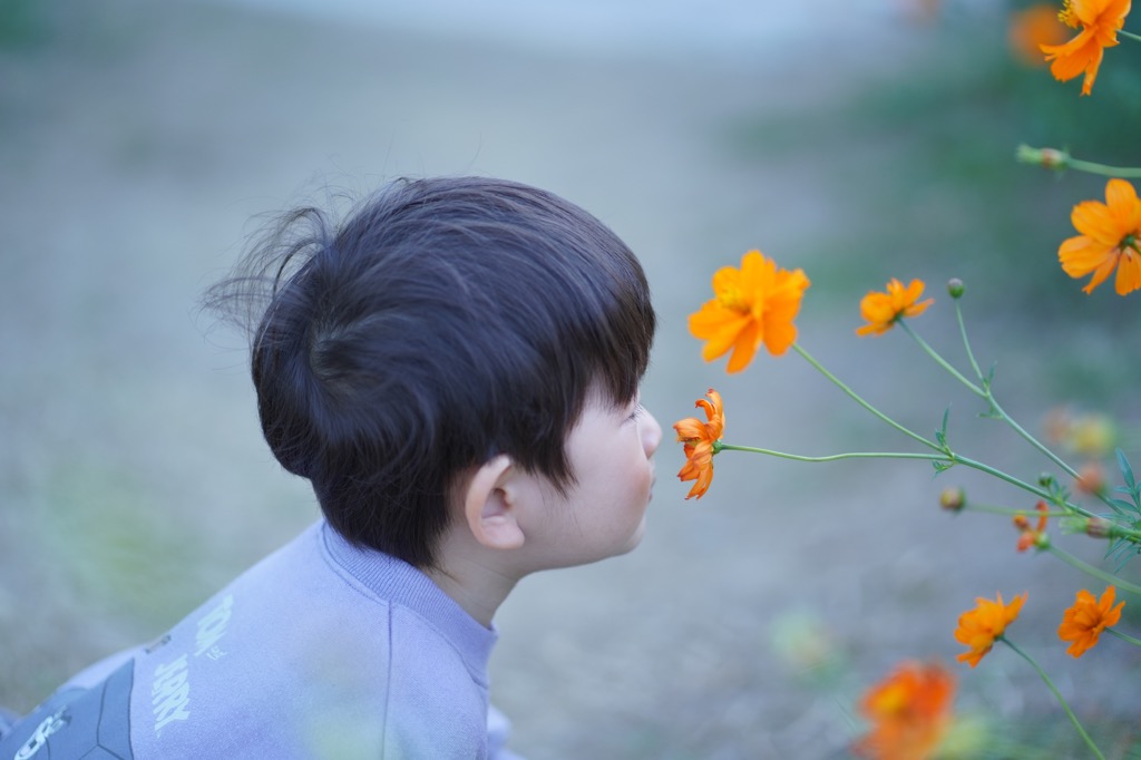 そして、お花をクンクンと嗅ぐかわいい息子も写真に納めて満足。🥰
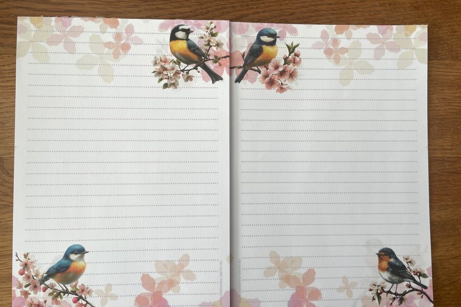 Säljer här 10 dubbelsidiga papper i A5,bilden visar fram och baksida.
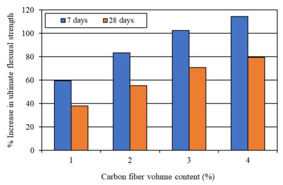 Increase in ultimate flexural strength due to the incorporation of carbon fibers.
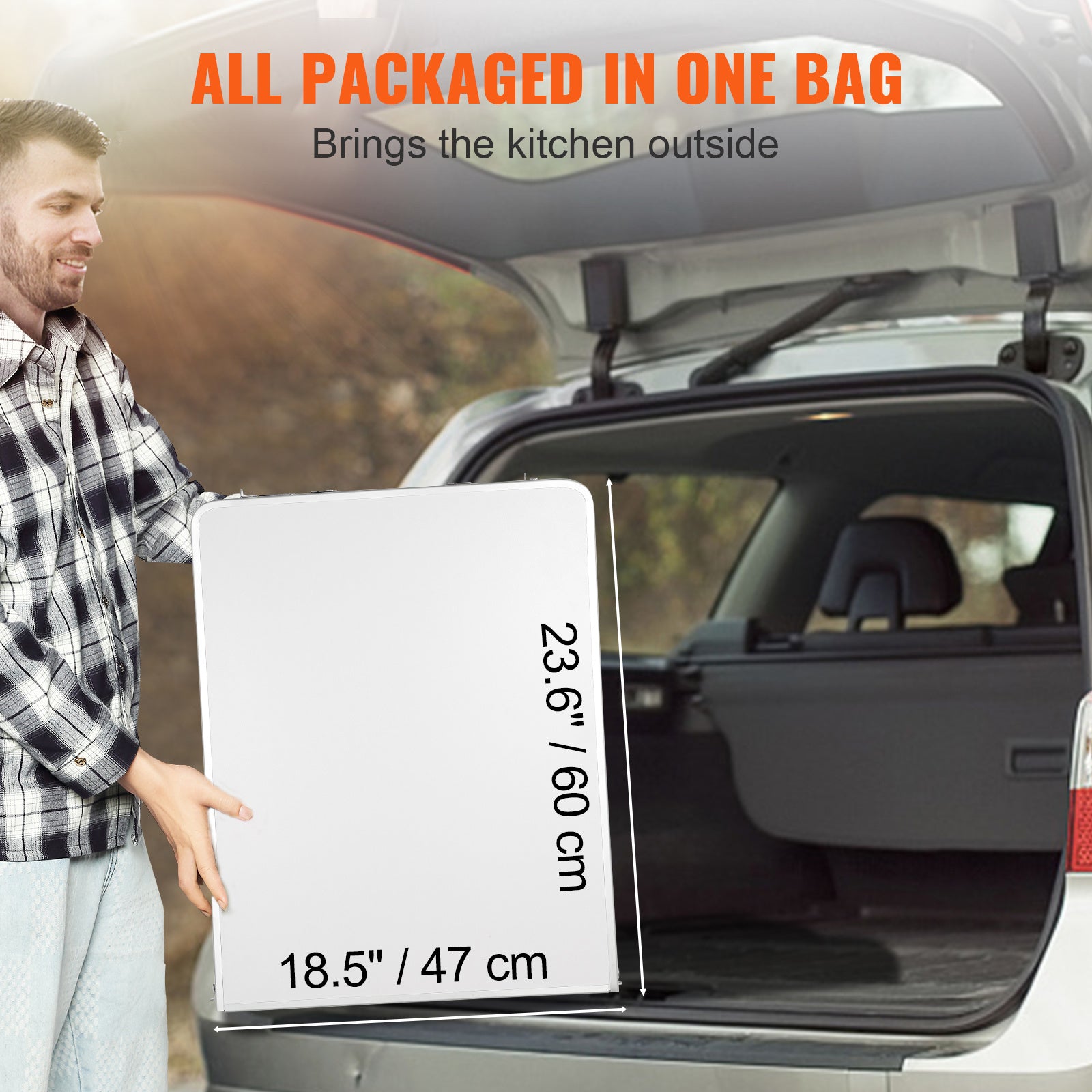 VEVOR Camping Kitchen Table, Quick Set-up Folding Camping Table, 3 Adjustable Heights, MDF Camping Table, Ideal For Outdoor Picnics, BBQs, Camping, RV Traveling
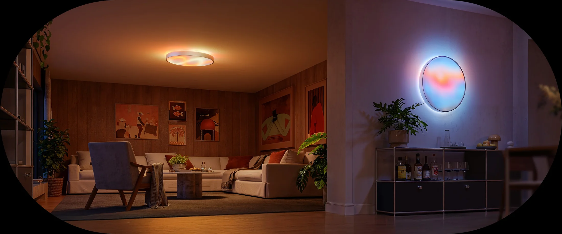 La nueva lámpara de techo Ultra es esencialmente una evolución del conocido modelo del fabricante. Incorpora una matriz de píxeles formada por 616 LED individuales, que pueden proyectar efectos de iluminación personalizados en el techo o la pared. Cada píxel individual puede controlarse por separado para mostrar pixel art y una amplia gama de motivos, por ejemplo, con el apoyo de AI Lighting Bot 2.0 para contenidos personalizados basados en texto y otras entradas. También hay disponibles unas 100 escenas preestablecidas y modos de música.
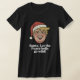 This fun Christmas design features a cheerful Santa-style cartoon character delivering a playful call for holiday peace.
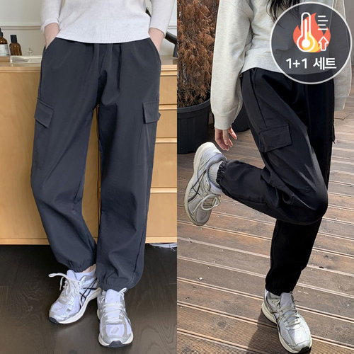 토마토팩토리 1+1 세트 여성 블라토 겨울 기모 따뜻한 아노락 카고 일자 밴딩 바지 팬츠(3color)
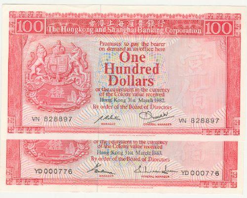 Hong Kong, The Hong Kong and Shanghai Banking Corporation Limited, 100 dollars, 31st March 1982, AU, serial VN 828897 &. 100 dollars, 31st March 1983, EF, serial YD 000776. Pick number 187d.
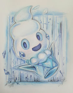 - AS Ein Eiszapfen, der durch die Energie der aufgehenden Sonne zum Pokémon wurde. Nachts deckt es sich mit Schnee zu.
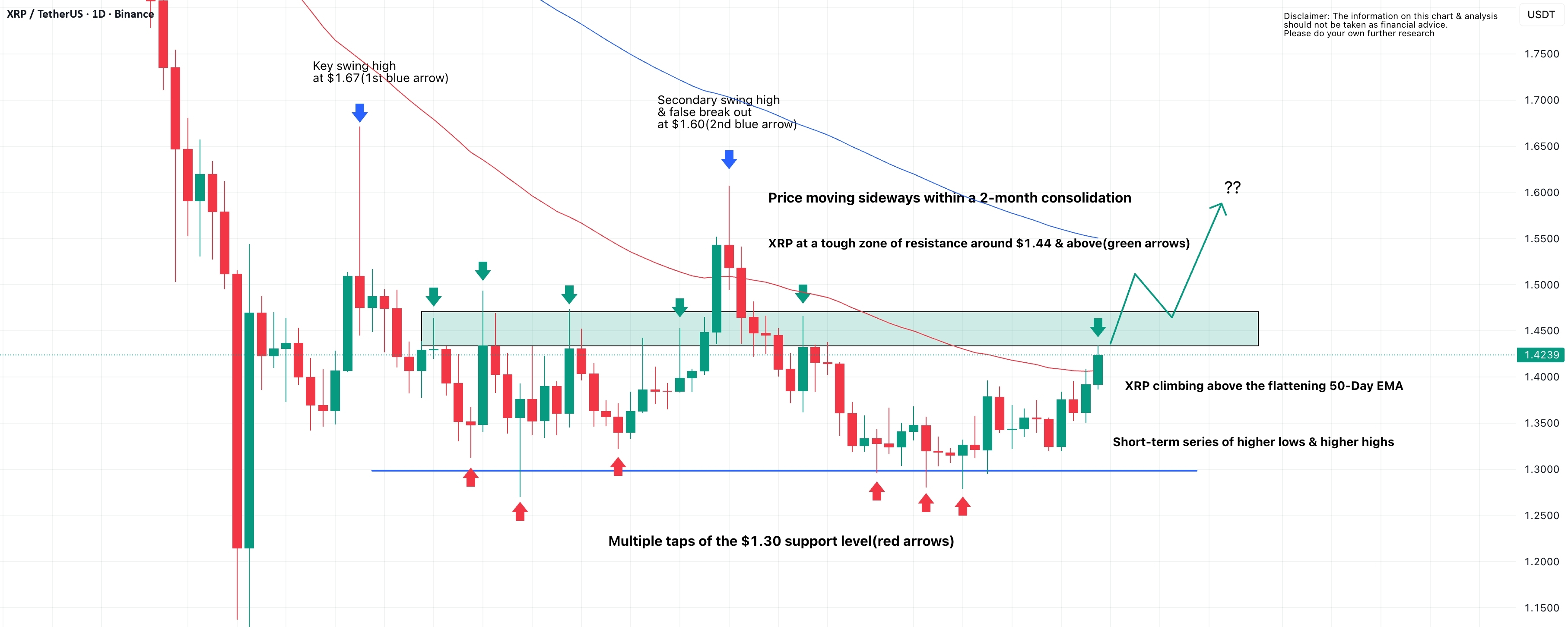 يبدأ XRP في التأسيس فوق منطقة الدعم عند 1.30 دولار، مما يظهر علامات مبكرة على القوة مع تحسين الهيكل والزخم. ومع ذلك، تدفع الأسعار الآن إلى منطقة مقاومة رئيسية بين 1.44 دولار و1.50 دولار، حيث فشلت الارتفاعات السابقة. بينما يعتبر استعادة متوسط 50 يومًا إيجابيًا، يظل النطاق الأوسع سليمًا. هناك حاجة إلى اختراق مؤكد فوق المقاومة لتغيير النظرة إلى الاتجاه الصعودي؛ وإلا، فإن استمرار التماسك يبقى السيناريو الأكثر احتمالًا على المدى القريب.

────

» **WHAT YOU NEED TO DO**:
Both the line above containing "토마토팩토리 1+1 세트" and the line containing "- AS Ein Eiszapfen, der" belong in the copy, along with every line between them; print these exactly and omit the pictures.

» **WRITTEN RESPONSE**:
 토마토팩토리 1+1 세트 여성 블라토 겨울 기모 따뜻한 아노락 카고 일자 밴딩 바지 팬츠(3color)
 Hong Kong, The Hong Kong and Shanghai Banking Corporation Limited, 100 dollars, 31st March 1982, AU, serial VN 828897 &. 100 dollars, 31st March 1983, EF, serial YD 000776. Pick number 187d.
 - AS Ein Eiszapfen, der durch die Energie der aufgehenden Sonne zum Pokémon wurde. Nachts deckt es sich mit Schnee zu.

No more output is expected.